Durante décadas, a fidelização num negócio físico foi um cartão de papel com selos de tinta. Funcionava até o cliente o perder, o molhar no bolso ou se esquecer de o levar. O cartão digital resolve isto sem lhe pedir que mude hábitos: usa a carteira que já traz.
O que é exatamente
É a versão digital do seu cartão de selos ou pontos. Em vez de papel, vive dentro da Apple Wallet no iPhone ou da Google Wallet no Android, as mesmas aplicações onde as pessoas guardam cartões de embarque. Em cada compra atualiza-se sozinho.
Papel, aplicação própria ou Wallet
A aplicação própria parece a opção completa e bate num muro: a maioria das pessoas não instala a aplicação de uma cafetaria. O cartão na Wallet evita esse muro porque não há nada para instalar.
Como o cliente o adiciona, em três passos
- Digitaliza o QR da loja ou abre um link. O cartão abre no navegador.
- Toca em adicionar à Apple Wallet ou guardar na Google Wallet. Nenhuma aplicação é descarregada.
- Está feito. O cartão fica na carteira e atualiza-se a cada visita.

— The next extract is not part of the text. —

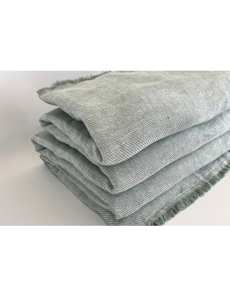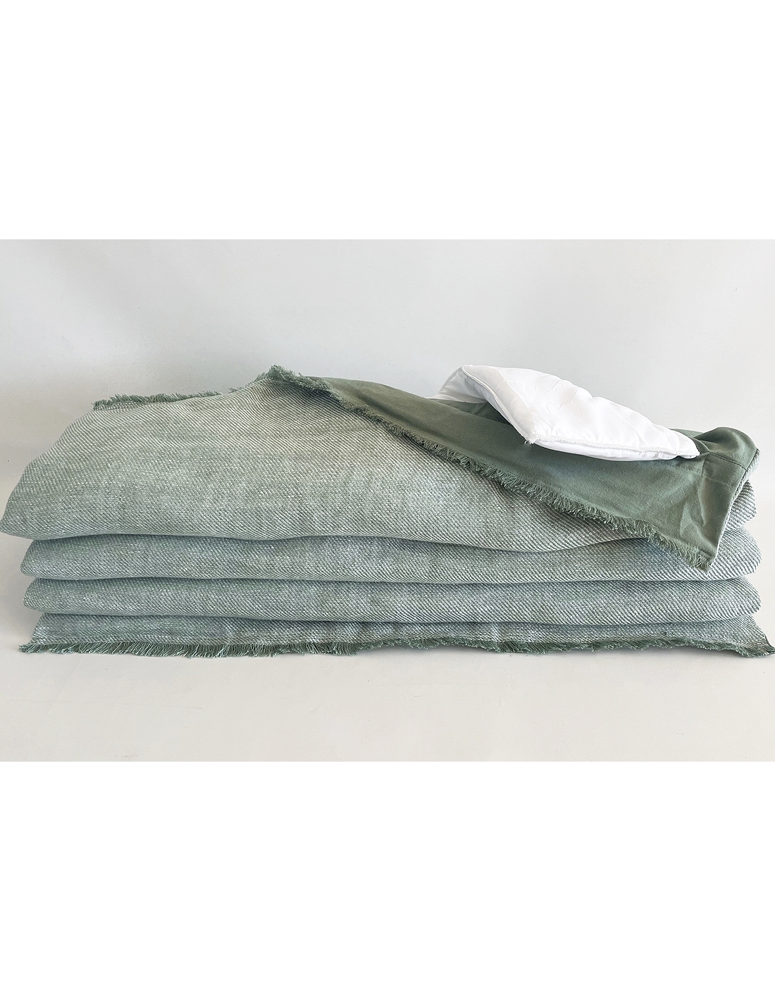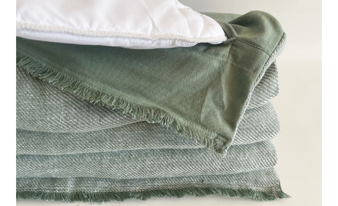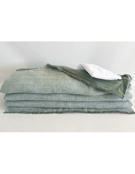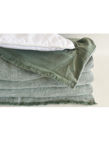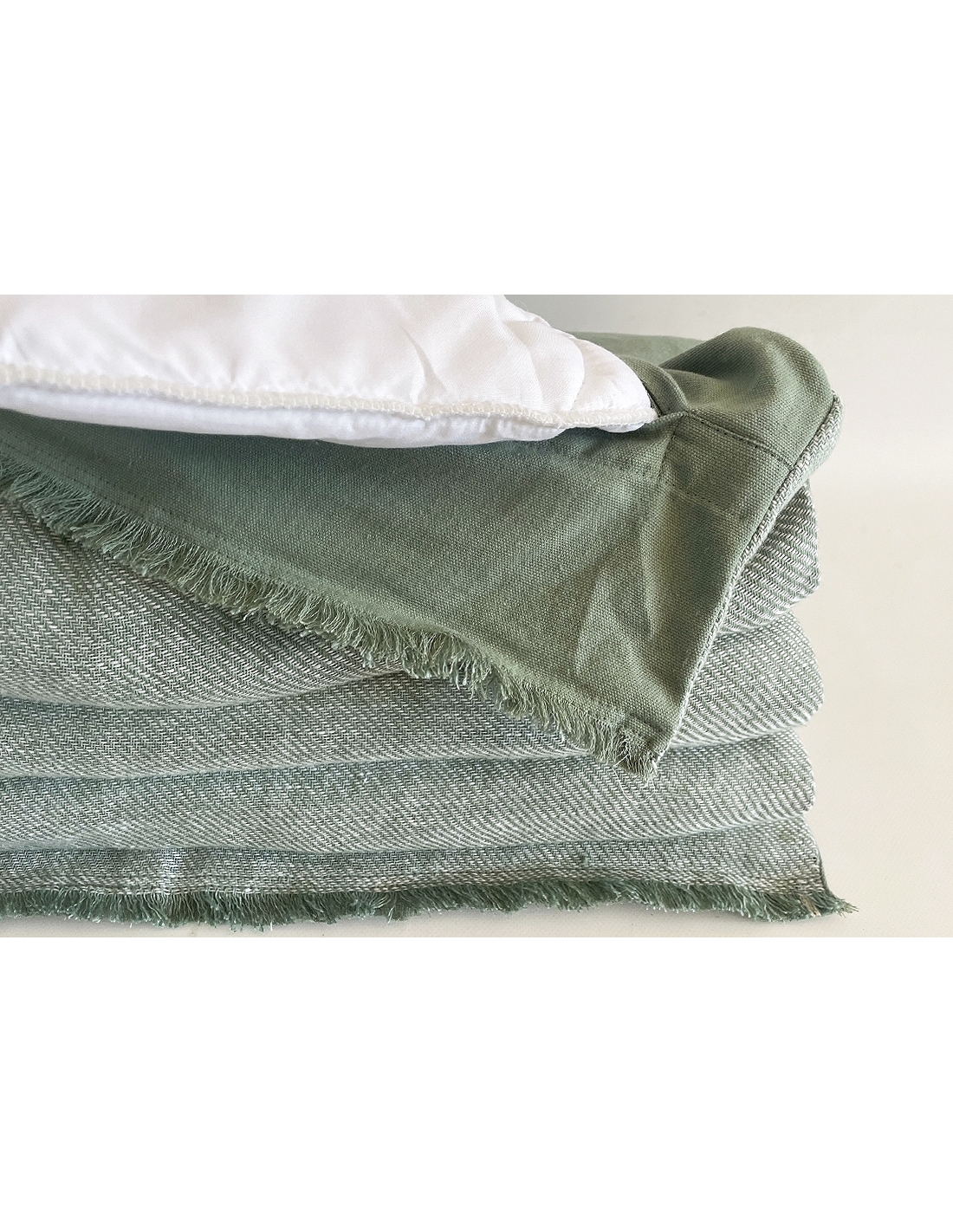 Plaid with two sides, one side in linen and the other in cotton. It has fringes on both ends and a zipper on the wrong side to insert or remove the filling.

O que torna diferente o aviso de proximidade
É a parte mais mal interpretada. O aviso no ecrã de bloqueio não é uma notificação. Não é o negócio que o envia, não se programa e não se escreve. É o sistema operativo do telemóvel que o constrói quando o cliente entra num raio de cerca de cem metros de uma morada guardada dentro do cartão.
- Não se pode abusar. Não há forma de enviar vinte: o telemóvel mostra-o quando o cliente está perto, e pronto.
- Depende das coordenadas da loja. É a falha mais comum: um negócio registado sem latitude e longitude, e o aviso simplesmente não existe, sem que nada dê erro.
- Android e iPhone sabem de formas diferentes. A Google propaga uma mudança de morada quase sozinha. No iPhone o dado viaja dentro do ficheiro do passe, por isso é preciso empurrar uma atualização.
O que um cartão na Wallet não faz
- Não sabe ao certo se um utilizador de Android o guardou. A Apple confirma quando o iPhone regista o passe. Na Google o sinal é indireto.
- Não substitui o email. O texto que cabe é curto e o cliente só o vê se abrir a carteira.
- Não lê o talão. Salvo ligá-lo ao seu POS, quem soma o selo é uma pessoa a digitalizar um código.
- Não serve de nada sem identificar o cliente. A graça é reconhecê-lo na visita seguinte.
O que pedir a um fornecedor
- O que acontece quando mudo o design? A resposta boa é que se atualiza nos telemóveis que já o têm.
- Como sabe um iPhone? Se a resposta não mencionar empurrar a atualização para o dispositivo, o fornecedor só implementou o lado da Google.
- O que acontece se enviar a mudança a mil clientes de uma vez? Um sistema sério fá-lo por lotes.
- Posso exportar os meus dados? Os seus clientes são seus. Sem exportação, está a alugar a sua própria lista.
Quanto tempo demora a montar
O cartão em si são minutos. O que leva tempo é o que está à volta, e é aí que se decide se funciona: o QR onde o cliente já espera, a frase com que se oferece, a equipa a oferecê-lo, e os avisos automáticos que fazem voltar quem arrefece.
Essa frase vale mais do que parece. Tem o nosso cartão? capta metade de o décimo café é oferecido, guardo-lho no telemóvel?
Digitalizar o cartão que já tem
- Respeite os selos que já têm. Pedir a um habitual que comece do zero é a forma mais rápida de perder justamente as pessoas para quem o programa existe.
- Deixe os dois conviver algumas semanas. Nem toda a gente muda no primeiro dia.
- Marque uma data para deixar de imprimir. Manter os dois para sempre é manter mal os dois.
E uma coisa a fazer pelo caminho: esta é a sua única oportunidade sem custo de mudar o número de selos ou o prémio. Mudá-lo mais tarde lê-se como mudar as regras a meio; mudá-lo numa migração lê-se como um programa novo.